Plus, this time around writer/director Matthew Vaughn shows a surer hand at balancing the movie’s over-the-top violence with a refined comic sensibility.

Things begin with our hero Eggsy (Taron Egerton) trying to juggle his duties as a member of the super-secret Kingsman security apparatus against his romance with Tilde (Hanna Alström), an honest-to-God Swedish princess.  For a former car thief with a taste for a white rapper wardrobe (sweats, ball caps), Eggsy has come a long way in a brief time.

But it all comes crashing down when the entire Kingsman operation is destroyed in one fell swoop.  The only survivors are Eggsy (who was having dinner with the King of Sweden when it all happened) and the bald, tech-savvy Merlin (Mark Strong).

What happened?
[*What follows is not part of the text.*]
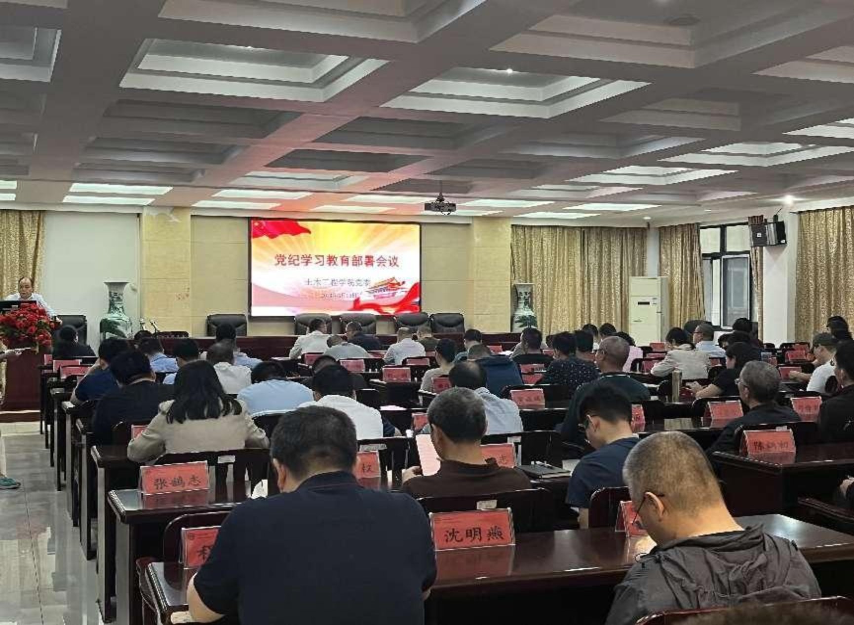 4月16日下午,院党委在土木楼201会议室召开会议部署学院党纪学习教育工作。全体院领导、各党支部书记、部分党员代表参会。院党委书记万文主持会议。
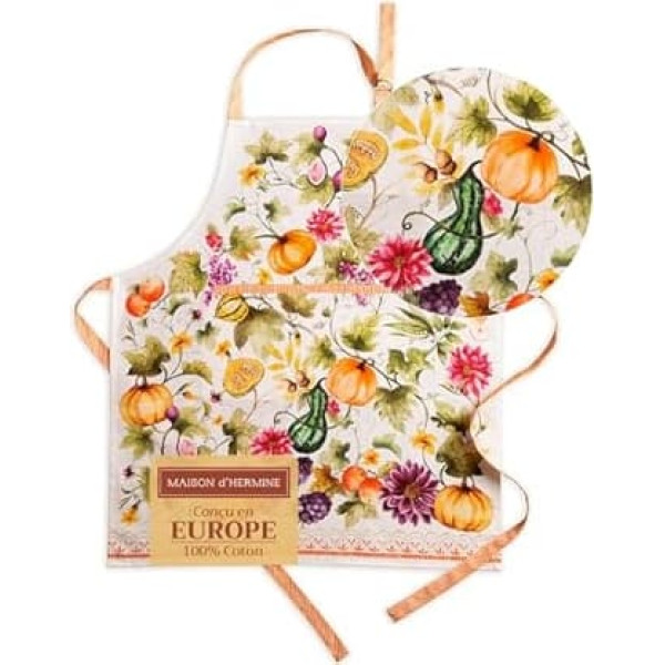 Maison d'Hermine 100% Cotton 1-Piece Kitchen Apron with Adjustable Neck and Middle Pocket, Long Ties for Women/Men, Cooking, Thanksgiving/Christmas

Well, an international drug lord named Poppy (Julianne Moore) and her Golden Circle gang are clearing the deck prior to a big push for world domination.  A nostalgia freak, Poppy lives in seclusion in the Cambodian jungle in her own private theme park…imagine Disneyland’s Main Street U.S.A. redone with a “Happy Days” theme.

She’s even kidnapped Elton John (playing himself) so that he can perform her favorite hits at will. (This year’s best bit of celebrity casting.)

Seeking allies, Eggsy and Merlin travel to Kentucky where they encounter the Statesmen, their Yank counterparts, a band of American free agents posing as a distilling concern.  These cowboys — literally…we’re talking Stetsons, boots and electric bullwhips capable of slicing steel — have names like Champagne (Jeff Bridges), Tequila (Channing Tatum), Whiskey (Pedro Pascal) and Ginger (Halle Berry).

Oh yes…the Statesmen have been providing shelter to an amnesiac who has suffered a rather nasty bullet wound in the noggin.  He is, of course, Harry Hart aka Galahad (Colin Firth), Eggsy’s mentor and a fatality (or so we thought) in the first film. (I’m not giving anything away here…Firth is all over the ads.)